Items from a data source
·····

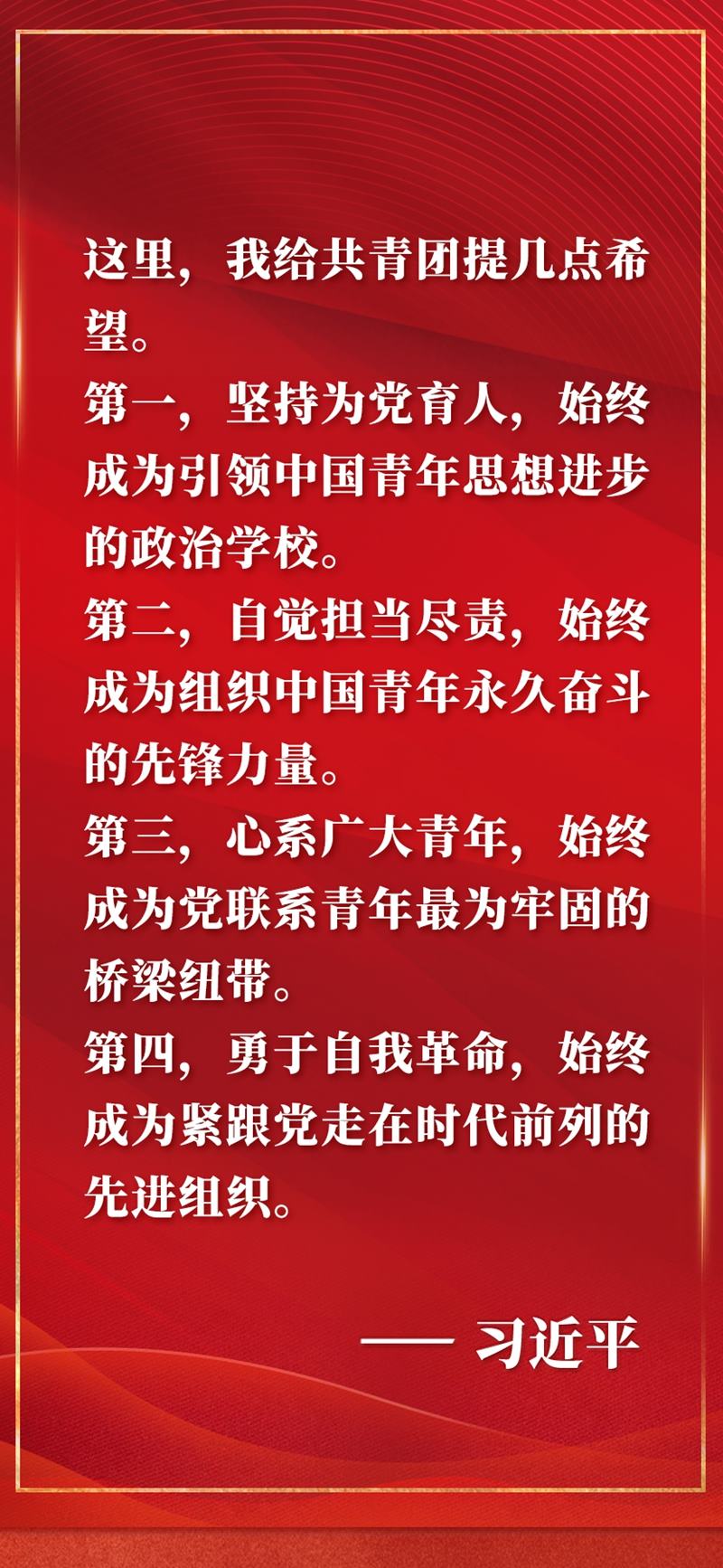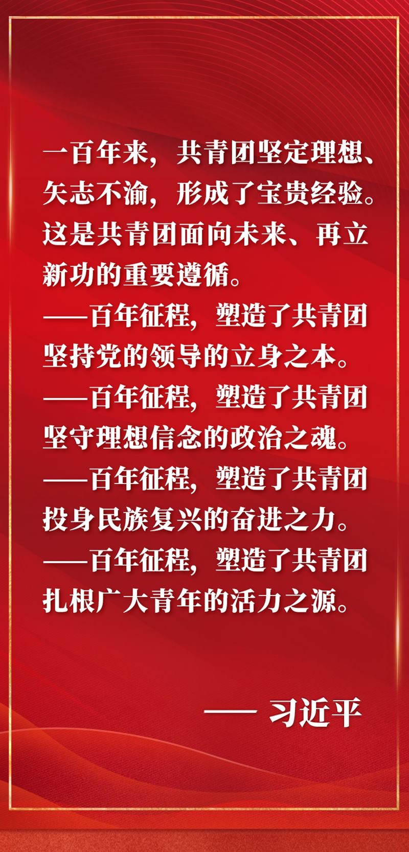 慶祝中國共產(chǎn)主義青年團(tuán)成立100周年大會(huì)10日上午在北京人民大會(huì)堂隆重舉行。中共中央總書記、國家主席、中央軍委主席習(xí)近平在會(huì)上發(fā)表重要講話,全面回顧百年來共青團(tuán)堅(jiān)定不移聽黨話、跟黨走的奮斗歷程,深刻闡明共青團(tuán)和青年工作的寶貴經(jīng)驗(yàn),對(duì)當(dāng)代青年寄予殷切期望,對(duì)做好新時(shí)代共青團(tuán)工作提出明確要求。
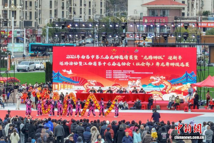 3月2日,元宵节前夕,2026年南昌市第三届龙狮邀请赛在江西南昌湾里管理局举行,来自南昌市各县(区)及邻市丰城市的十余支舞龙队伍齐聚一堂,先后登场亮相,众多民众在现场观赛。图为丰城市上塘镇代表队在舞龙。中新社记者 刘力鑫 摄
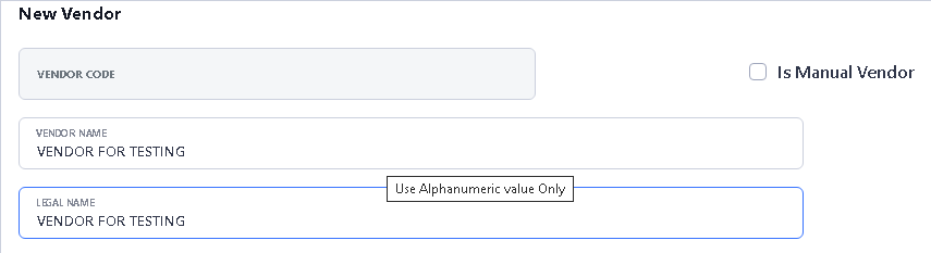 > For Vendor Name and Legal Name please type here like this.
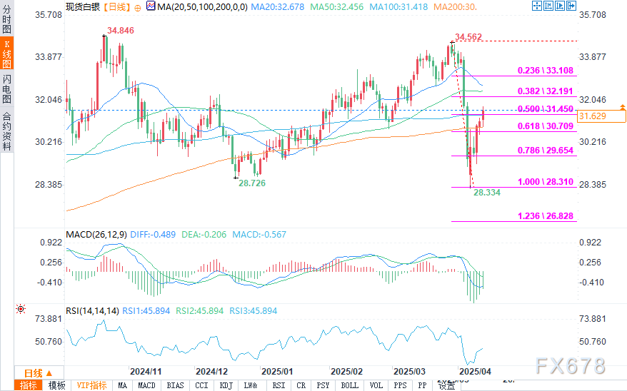 周五(4月11日)欧盘时段,白银价格上涨,受技术面走强和广泛的避险需求推动。随着黄金飙升至3200美元上方的新高,白银也随之上涨,试探关键的回撤位,这可能为银价进一步上涨打开大门。交易员的关注点依然集中在主要支撑位和阻力位附近的价格走势上。
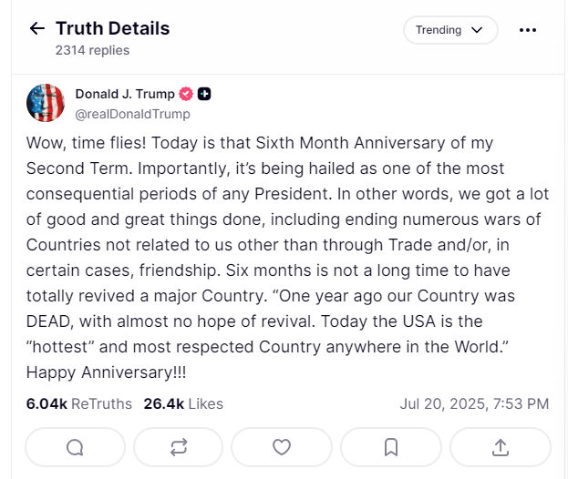 當地時間7月20日,美國總統特朗普興致勃勃地發佈帖文,慶祝自己就任美國總統滿半年。
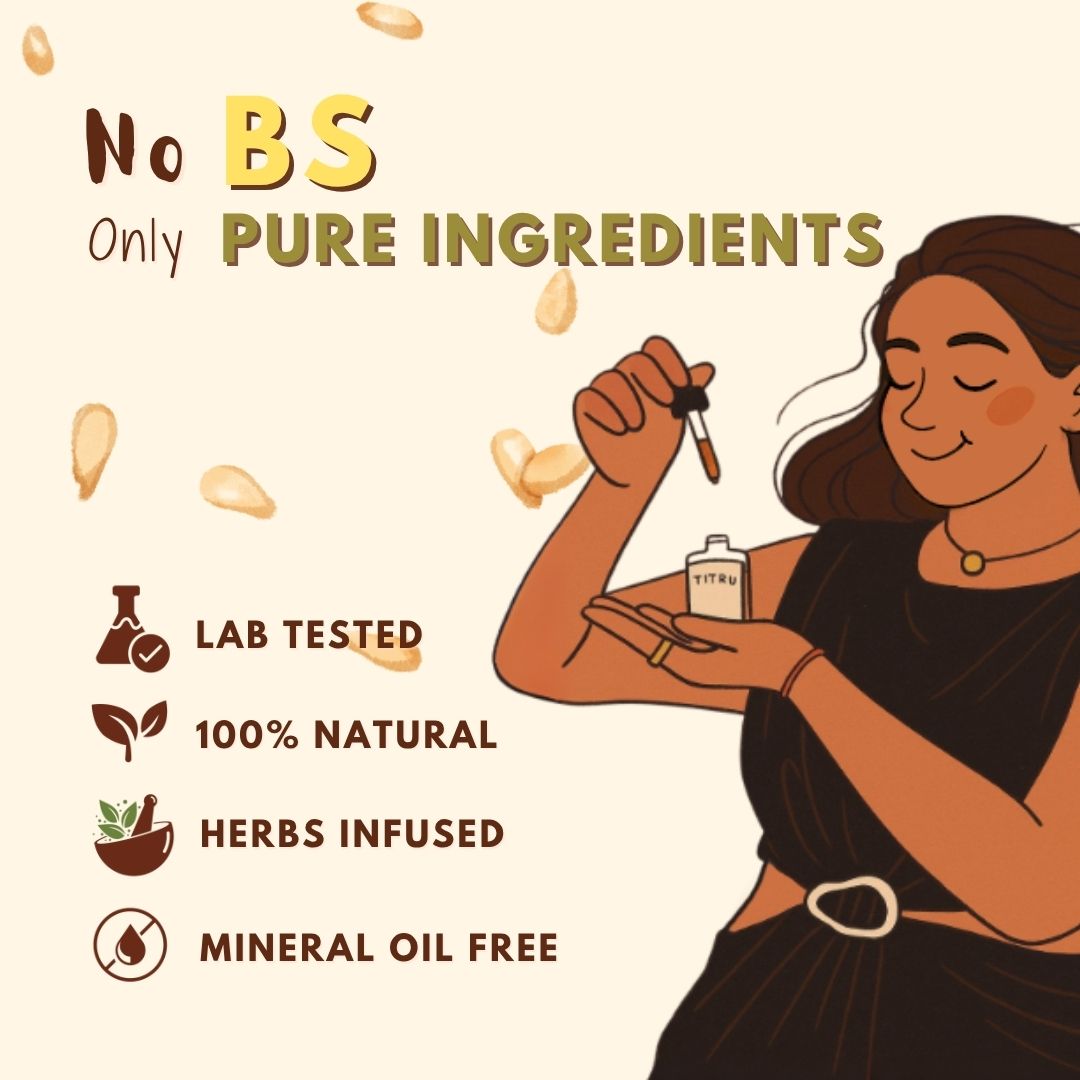 Titru is where ancient Ayurvedic magic meets modern hair goals. Think: Sesame oil, 17 powerhouse herbs, and zero fluff. We kept the rituals, ditched the drama. For hair that grows, glows, and gets compliments.
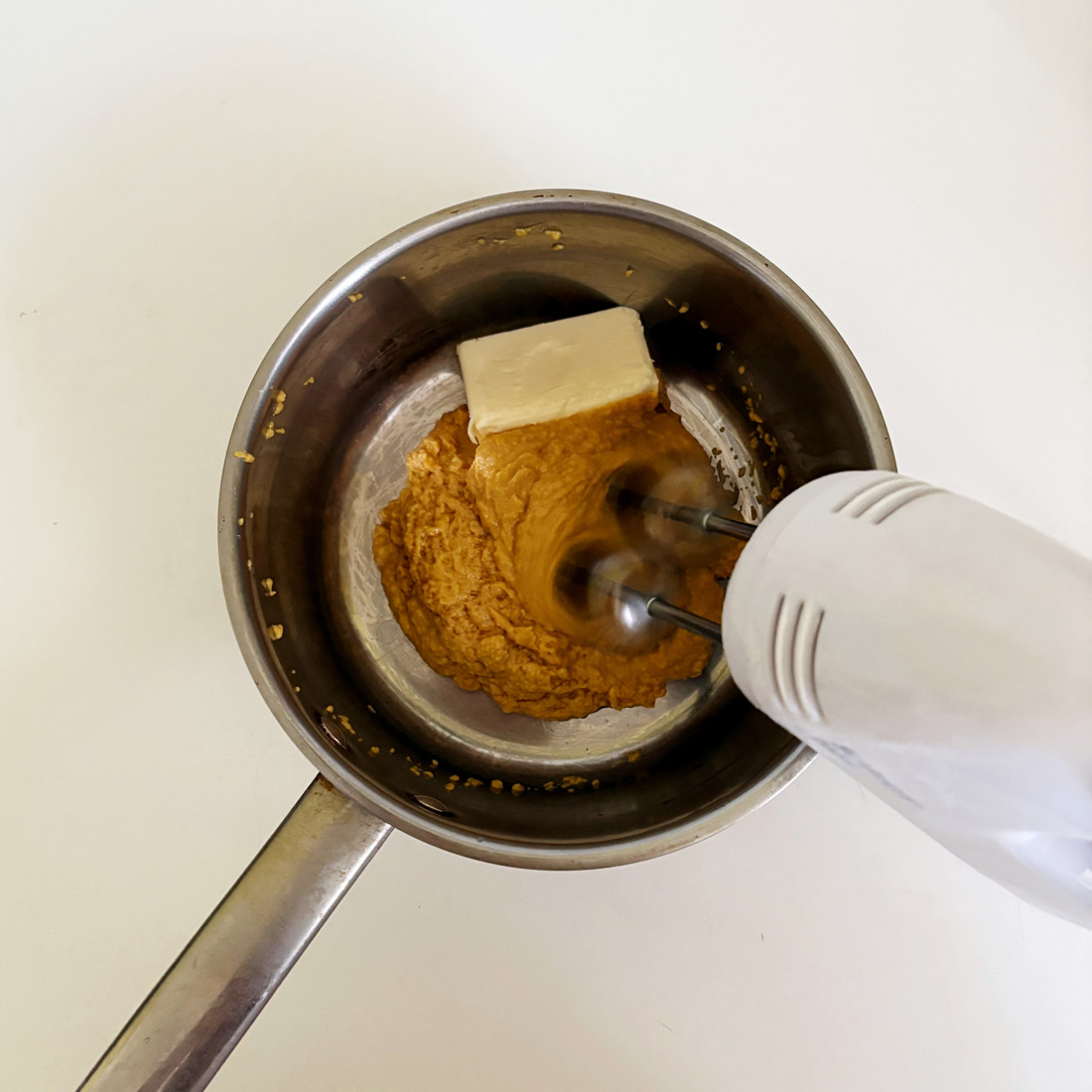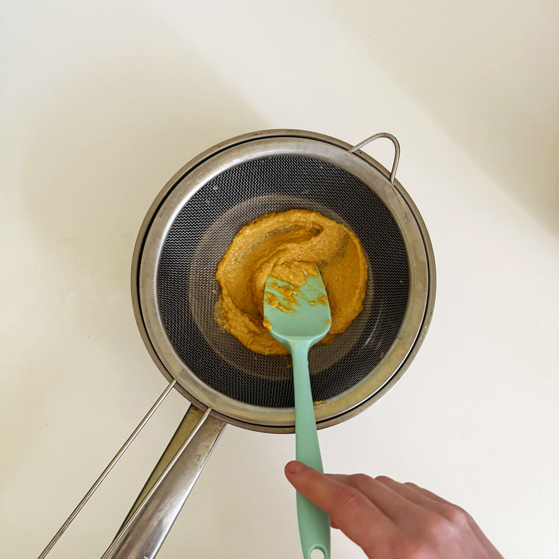 Полученную массу протирают через протирочную машину, добавляют остальное сливочное масло и хорошо взбивают.
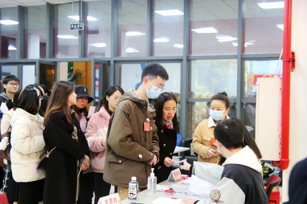 投票站设在学院楼一楼大厅,现场悬挂着“积极行使民主权利,投下神圣而庄严的一票!”的标语,显示屏上滚动播放着“珍惜民主权利,踊跃参加区人大换届选举”等标语,气氛庄重热烈。

·····

◆ WHAT TO DO ◆
With the pictures left out, output all the entries exactly.

◆ RESULT OF THE EXERCISE ◆
 慶祝中國共產(chǎn)主義青年團(tuán)成立100周年大會(huì)10日上午在北京人民大會(huì)堂隆重舉行。中共中央總書記、國家主席、中央軍委主席習(xí)近平在會(huì)上發(fā)表重要講話,全面回顧百年來共青團(tuán)堅(jiān)定不移聽黨話、跟黨走的奮斗歷程,深刻闡明共青團(tuán)和青年工作的寶貴經(jīng)驗(yàn),對(duì)當(dāng)代青年寄予殷切期望,對(duì)做好新時(shí)代共青團(tuán)工作提出明確要求。
 3月2日,元宵节前夕,2026年南昌市第三届龙狮邀请赛在江西南昌湾里管理局举行,来自南昌市各县(区)及邻市丰城市的十余支舞龙队伍齐聚一堂,先后登场亮相,众多民众在现场观赛。图为丰城市上塘镇代表队在舞龙。中新社记者 刘力鑫 摄
 > For Vendor Name and Legal Name please type here like this.
 周五(4月11日)欧盘时段,白银价格上涨,受技术面走强和广泛的避险需求推动。随着黄金飙升至3200美元上方的新高,白银也随之上涨,试探关键的回撤位,这可能为银价进一步上涨打开大门。交易员的关注点依然集中在主要支撑位和阻力位附近的价格走势上。
 當地時間7月20日,美國總統特朗普興致勃勃地發佈帖文,慶祝自己就任美國總統滿半年。
 Titru is where ancient Ayurvedic magic meets modern hair goals. Think: Sesame oil, 17 powerhouse herbs, and zero fluff. We kept the rituals, ditched the drama. For hair that grows, glows, and gets compliments.
 Полученную массу протирают через протирочную машину, добавляют остальное сливочное масло и хорошо взбивают.
 投票站设在学院楼一楼大厅,现场悬挂着“积极行使民主权利,投下神圣而庄严的一票!”的标语,显示屏上滚动播放着“珍惜民主权利,踊跃参加区人大换届选举”等标语,气氛庄重热烈。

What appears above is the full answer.